Member of the Mississippi State Senate from the 26th district
- In office January 1928 – January 1932
- Preceded by: S. E. Turner
- Succeeded by: J. M. Grantham

Member of the Mississippi House of Representatives from the Montgomery County district
- In office January 1920 – January 1928

Personal details
- Born: December 10, 1876 near Coffeeville, Mississippi, U.S.
- Died: January 21, 1940 (aged 63) Sweatman, Mississippi, U.S.
- Party: Democratic

= Jesse A. Adams =

Former American politician

Jesse Austin Adams (December 10, 1876 – January 21, 1940) was an American piano tuner, teacher and Democratic politician. He served in the Mississippi State Senate from 1928 to 1932 and in the Mississippi House of Representatives from 1920 to 1922 and from 1924 to 1926. He was blind.
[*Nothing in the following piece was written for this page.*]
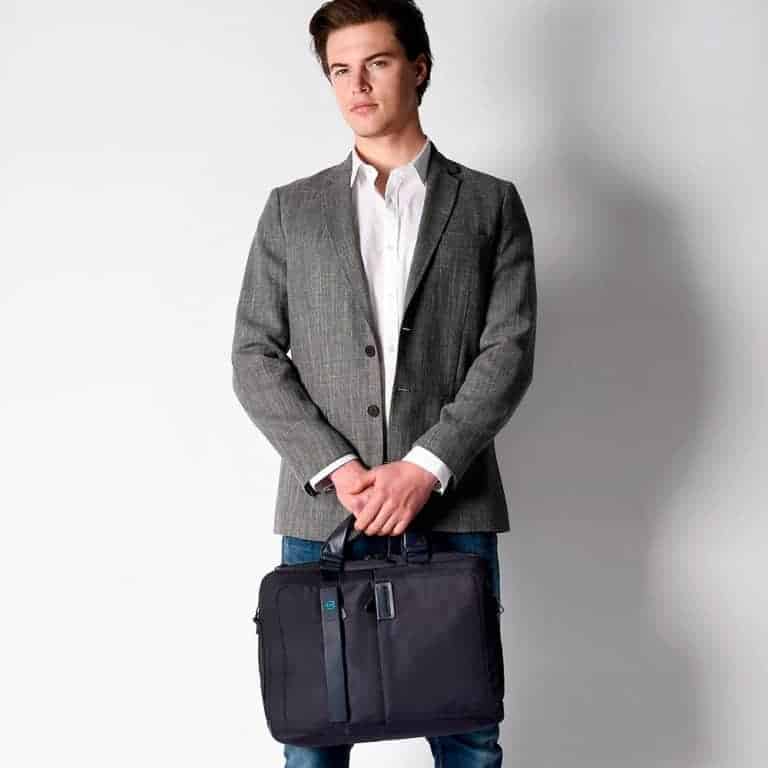 Cartella Piquadro porta pc espandibile tessuto e pelle P16 chevron/nero CA1903P16/CHEN
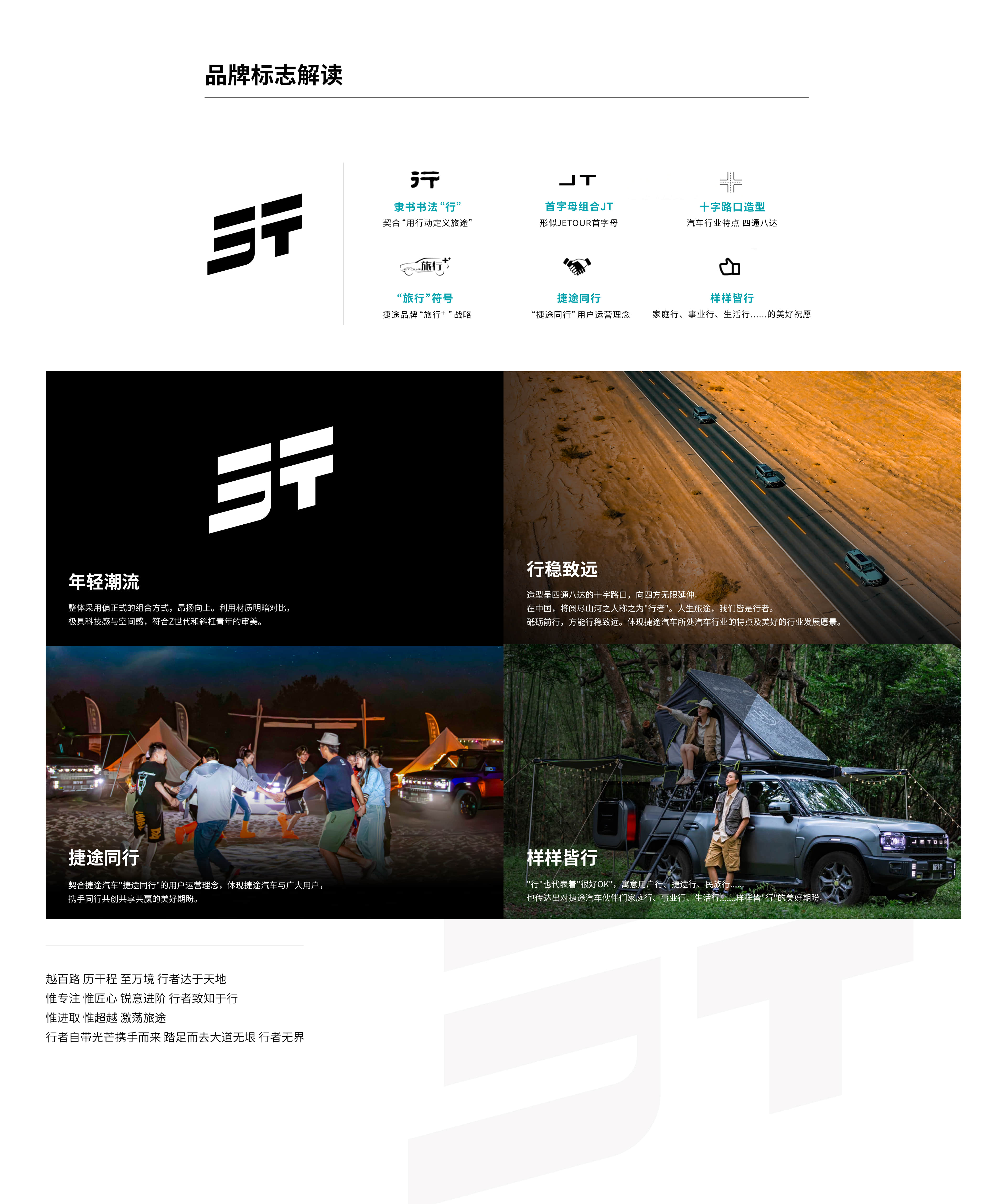 基于奇瑞控股二十年造车技术积累,以及对休闲旅游常态化、互联网生态、三胎政策下新生代消费者的深刻洞察,捷途汽车于2018年应运而生。捷途汽车专注旅行⁺细分市场,以场景化、生态化、平台化为产品研发理念,实现65个月累销100万辆,创造了新锐SUV品牌发展新速度,成为传统汽车品牌的“新势力”。

== Early life and career ==
Jesse Austin Adams was born on December 10, 1876, near Coffeeville, Mississippi. He was the son of James Allison Adams and Kate Beulah (Gore) Adams. Through his mother, Jesse Adams was a cousin of Oklahoma senator Thomas Gore. At the age of ten months, Adams lost his sight from spinal meningitis; he remained blind for the rest of his life. Adams attended public schools until the age of twelve. He then attended the Institute for the Blind in Jackson, Mississippi. Finally, Adams attended a high school in Walthall, Mississippi. In 1905, Adams began teaching music in McCarley, Mississippi. In November 1912, Adams started teaching all subjects at a school four miles north of McCarley. By 1920, Adams lived in the unincorporated community of Sweatman, Montgomery County Mississippi. By 1928, Adams was a farmer and piano tuner by occupation.

== Political career ==
In 1919, Adams was elected to represent Montgomery County, Mississippi, as a Democrat in the Mississippi House of Representatives from 1920 to 1924. In 1923, Adams was re-elected, and served from 1924 to 1928. In 1927, Adams was then elected to represent the 26th District in the Mississippi State Senate and served from 1928 to 1932. During his Senate term, Adams served on several committees including: Banks & Banking; Humane & Benevolent; Local & Private Legislation; Municipalities; and Railroads & Finances. From 1928 to 1938, Adams was the executive secretary of the Mississippi Commission for the Blind. By the time of his death, he then became a field worker for the Mississippi department of public welfare.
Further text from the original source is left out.